Скоро нас позвали к столу. За ужином я очень робела, и Александр Дмитриевич развлекал меня — рисовал в воздухе папиросным дымом тающие узоры, показывал смешные фокусы с салфеткой. И простая салфетка совершала чудеса у него в руках. То он делал из нее бороду, то заячьи уши, то пышные усы, потом повязывал голову и превращался в мавра.
Работница Ариша, красная от натуги, принесла высокий кипящий самовар. Расщепей торжественно приветствовал его:
— О, вот он, пылкий рыцарь в серебряных латах! Смотрите, это тяжелый конник в доспехах, кран — конская голова, видите? Вот эту линейку мы ему вставим в ручку — это будет копье. Конфорка — это забрало и шлем, и страусовым пером — пар!

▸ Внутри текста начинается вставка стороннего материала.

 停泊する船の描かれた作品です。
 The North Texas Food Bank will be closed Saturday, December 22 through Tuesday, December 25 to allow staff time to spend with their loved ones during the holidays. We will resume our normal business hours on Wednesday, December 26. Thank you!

И обыкновенный самовар на самом деле оказался неожиданно похожим на большого, тяжелого рыцаря.
А потом меня повезли домой. Мы поехали на маленькой зеленой машине Расщепея. Машина была спортивная, двухместная.
Мне пришлось сесть сзади, на откидное сиденье в люке.

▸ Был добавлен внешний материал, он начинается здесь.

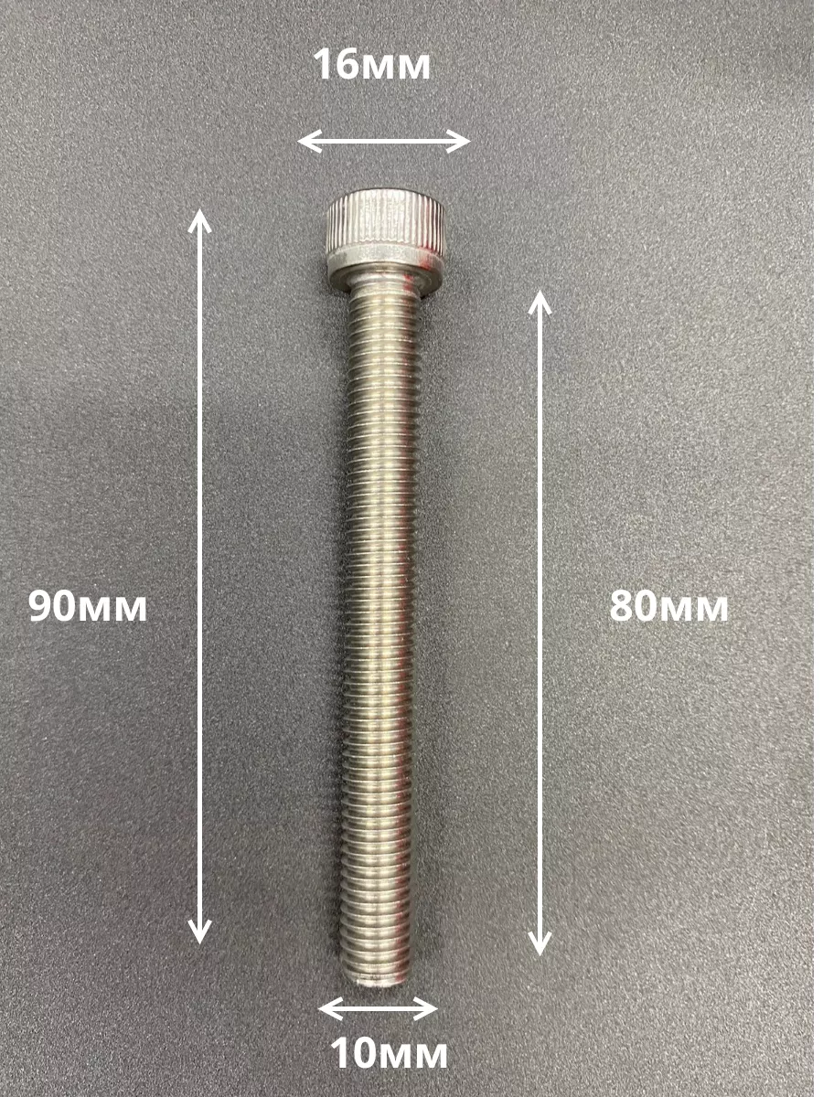 Винт нержавеющий шестигранник М10х80, DIN912, 10 шт

— Ничего не попишешь, такая уж система эта: двое сохнут, двое мокнут, — смеялся Расщепей.
Он сам отлично вел машину, и вскоре мы уже мчались с такой быстротой, что у меня сладко захватило дух.
— Саша, не гони, я тебя прошу, — говорила Ирина Михайловна.
Но он не слушал ее. Мелькали цветные огни светофоров слева и справа, слева и справа пролетали матовые, добела раскаленные ядра фонарей. Улицы, расходясь, отслаивались, и переулки мелькали по обеим сторонам машины… Так, я видела потом, мелькают клинки у скачущих на рубку кавалеристов. А я сидела себе сзади одна в уютном люке, смотрела в спину Расщепею и его жене, ветер дул между ними мне в лицо, в ушах гремел плотный ветер, и мне было так весело, так хорошо, что, жмурясь и тряся закинутой головой, я тихонько повизгивала:
— И-и-и!..
Глава 7
Великая маета
И началась работа!..
После того как дирекция кинофабрики прислала в школу письмо с просьбой отпустить меня с последнего урока на сбор группы фильма «Мужик сердитый», в классе уверовали.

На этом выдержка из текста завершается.